**RECORDED DATA:**
------------------------------------------------
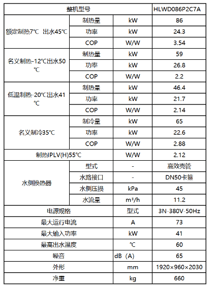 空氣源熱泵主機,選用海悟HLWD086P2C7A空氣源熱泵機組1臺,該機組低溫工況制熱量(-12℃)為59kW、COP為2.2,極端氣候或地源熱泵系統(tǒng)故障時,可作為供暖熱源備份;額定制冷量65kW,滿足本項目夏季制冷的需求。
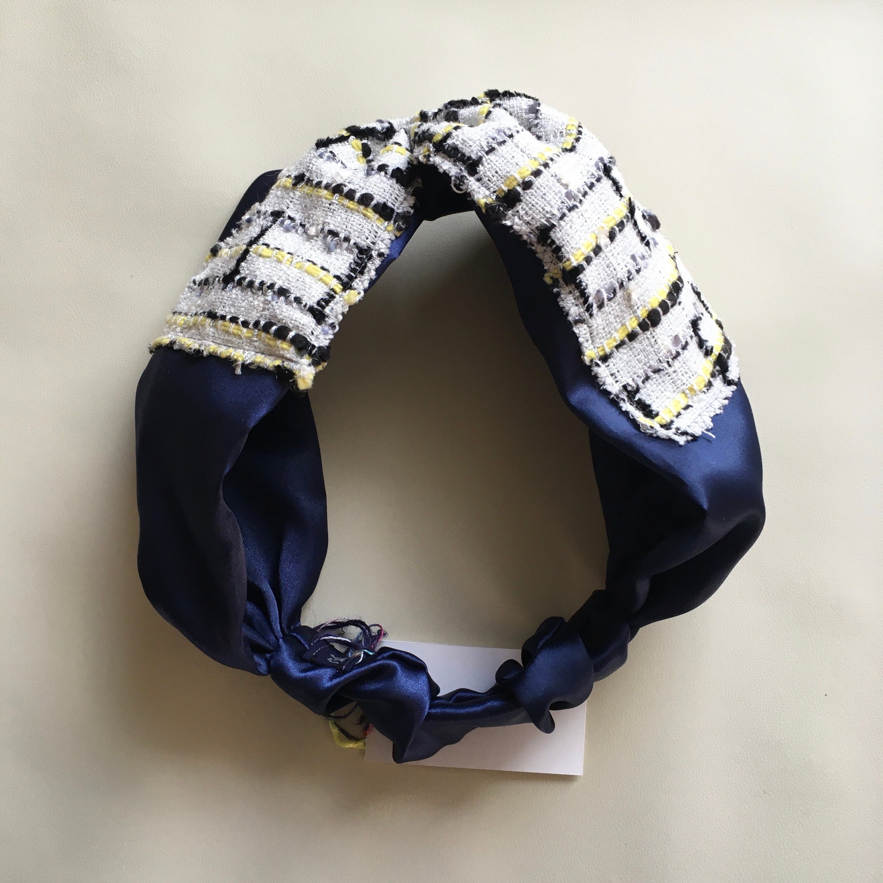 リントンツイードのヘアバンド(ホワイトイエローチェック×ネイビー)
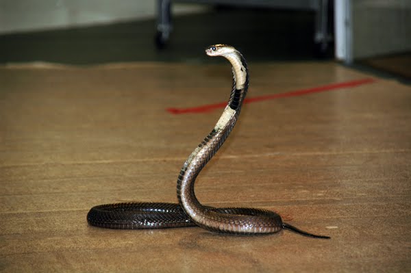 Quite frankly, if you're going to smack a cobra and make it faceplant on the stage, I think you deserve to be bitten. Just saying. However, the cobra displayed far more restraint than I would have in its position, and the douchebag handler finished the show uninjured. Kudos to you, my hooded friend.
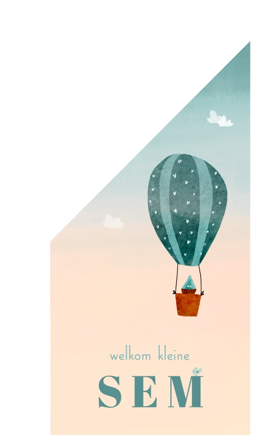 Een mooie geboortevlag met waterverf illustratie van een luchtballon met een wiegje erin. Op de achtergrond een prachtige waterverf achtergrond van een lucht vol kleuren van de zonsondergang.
------------------------------------------------
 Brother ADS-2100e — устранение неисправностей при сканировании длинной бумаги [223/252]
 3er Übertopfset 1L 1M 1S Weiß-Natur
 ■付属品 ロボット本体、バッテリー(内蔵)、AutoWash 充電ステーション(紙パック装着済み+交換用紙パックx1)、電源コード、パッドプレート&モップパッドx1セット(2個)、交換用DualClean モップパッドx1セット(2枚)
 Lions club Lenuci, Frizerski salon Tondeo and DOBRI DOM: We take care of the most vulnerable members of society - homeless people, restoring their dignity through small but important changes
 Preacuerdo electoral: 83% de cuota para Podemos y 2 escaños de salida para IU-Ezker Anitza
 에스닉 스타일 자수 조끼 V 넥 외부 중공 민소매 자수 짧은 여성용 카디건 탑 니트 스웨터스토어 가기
------------------------------------------------
**WHAT THE TASK ASKS:** Above are the records; repeat exactly the lines from the one holding "Lions club Lenuci, Frizerski" down to the one holding "에스닉 스타일 자수 조끼", end lines included.

**ANSWER BOX:**
 Lions club Lenuci, Frizerski salon Tondeo and DOBRI DOM: We take care of the most vulnerable members of society - homeless people, restoring their dignity through small but important changes
 Preacuerdo electoral: 83% de cuota para Podemos y 2 escaños de salida para IU-Ezker Anitza
 에스닉 스타일 자수 조끼 V 넥 외부 중공 민소매 자수 짧은 여성용 카디건 탑 니트 스웨터스토어 가기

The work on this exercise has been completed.